Pomysł nie jest nowy, ale naprawdę godny rozważenia. Chodzi o powołanie do życia własnej firmy wykonawczej do remontu i budowy dróg. Taka firma musiałaby mieć ludzi i odpowiednie maszyny, na przykład tzw. rozkładarkę do masy bitumicznej czy walec drogowy. Wykonanie inwestycji własną firmą ma być tańsze. Ponadto odpada cała masa formalności związanych z organizowaniem przetargów. Taka firma mogłaby również świadczyć usługi na zewnątrz, zarabiając w ten sposób środki na remonty dróg powiatowych. Na razie są tylko deklaracje w tej sprawie. Teraz czekamy na czyny.
Nowa placówka w Sypniewie
Radni podjęli uchwałę wyrażającą zgodę na podjęcie działań zmierzających do utworzenia młodzieżowego ośrodka wychowawczego w Sypniewie. O tym pomyśle już pisaliśmy. Powiat chce zapełnić swoje pustoszejące szkoły innymi placówkami. Stąd propozycja utworzenia ośrodka w budynku internatu na terenie sypniewskiego ZSCKR czy klasy gimnazjalnej w sępoleńskim liceum. Podjęta uchwała ma charakter intencyjny i pozwala na przeprowadzenie konsultacji z mieszkańcami Sypniewa oraz władzami gminy Więcbork. Tego typu placówki, o czym pisaliśmy, wywołują protesty lokalnych społeczności, dlatego lepiej wszystkie wątpliwości wyjaśnić przed niż po fakcie.

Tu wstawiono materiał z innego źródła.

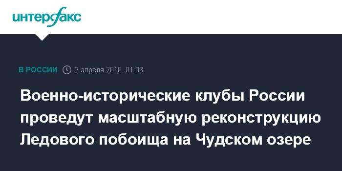 Москва. 2 апреля. ИНТЕРФАКС - В рамках праздничных мероприятий, приуроченных к 768-й годовщине знаменитого Ледового побоища, с 15 по 18 апреля участники военно-исторических клубов проведут фестиваль-реконструкцию в местах исторического противостояния новгородской дружины Александра Невского и немецких рыцарей Тевтонского ордена.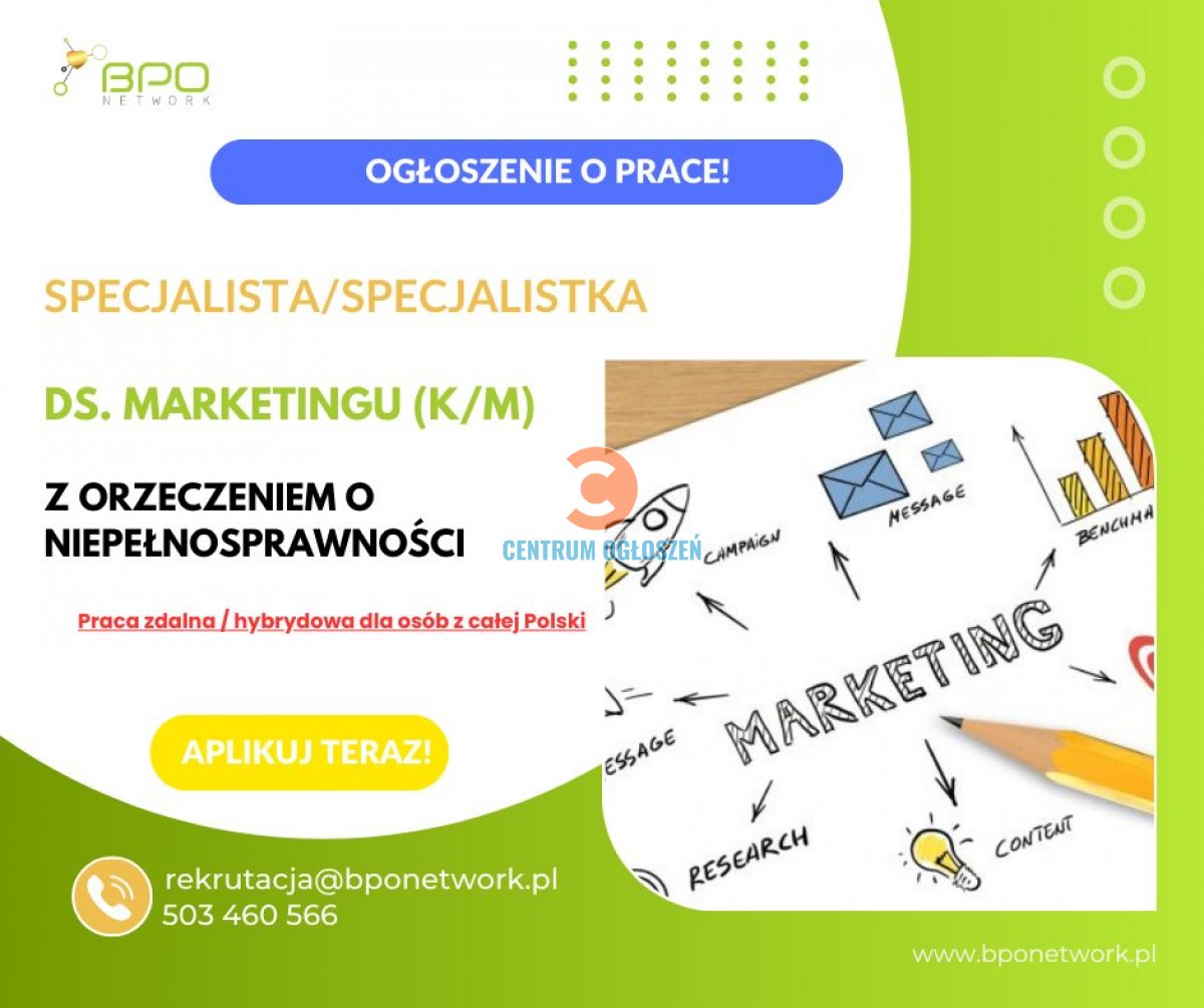 Specjalista/Specjalistka ds. marketingu z orzeczeniem o niepełnosprawności -praca zdalna/hybrydowa dla osób z całej Polski

Młodzieżowy ośrodek wychowawczy jest publiczną placówką dydaktyczno-wychowawczą dla młodzieży wymagającej specjalnej organizacji nauki i metod wychowania. Chodzi o młodzież „trudną”, która trafia do ośrodka na podstawie postanowień sądów i skierowania Ośrodka Rozwoju Edukacji w Warszawie poprzez Centralny System Kierowania Nieletnich.
Cztery lata starań
Cztery lata starań i wreszcie się udało. Zaniedbane działki między szkołami ponadgimnazjalnymi a szpitalem w Więcborku, należące do Skarbu Państwa, trafią wreszcie do powiatu. Ma na nich powstać droga, parking oraz lądowisko dla helikopterów sanitarnych. O tych działaniach pisaliśmy wielokrotnie. Z inicjatywy radnego Andrzeja Chatłasa powstał projekt wybudowania alternatywnego parkingu dla LO i „ekonomika”, aby rozładować parkujący przed nimi komunikacyjny chaos. Przeszkodą okazało się pozyskanie części gruntów będących w gestii wojewody kujawsko-pomorskiego. W końcu udało się zakończyć proces pozyskiwania tych działek. Wojewoda wyraził zgodę na przekazanie ich powiatowi w formie darowizny. Chodzi o cztery działki o łącznej powierzchni 0,93 ha. Plany wobec nich są jasne i czytelne oraz zbieżne z oczekiwaniami lokalnej społeczności. W miejscu, gdzie dziś rosną chwasty i krzaki, ma powstać parking dla szkół, droga, która zapewni dojazd do szpitala od strony ulicy Krótkiej oraz profesjonalne lądowisko dla helikopterów sanitarnych. Rada powiatu podjęła uchwałę o nabyciu darowizny. Wojewoda przekaże ją w drodze swojego zarządzenia.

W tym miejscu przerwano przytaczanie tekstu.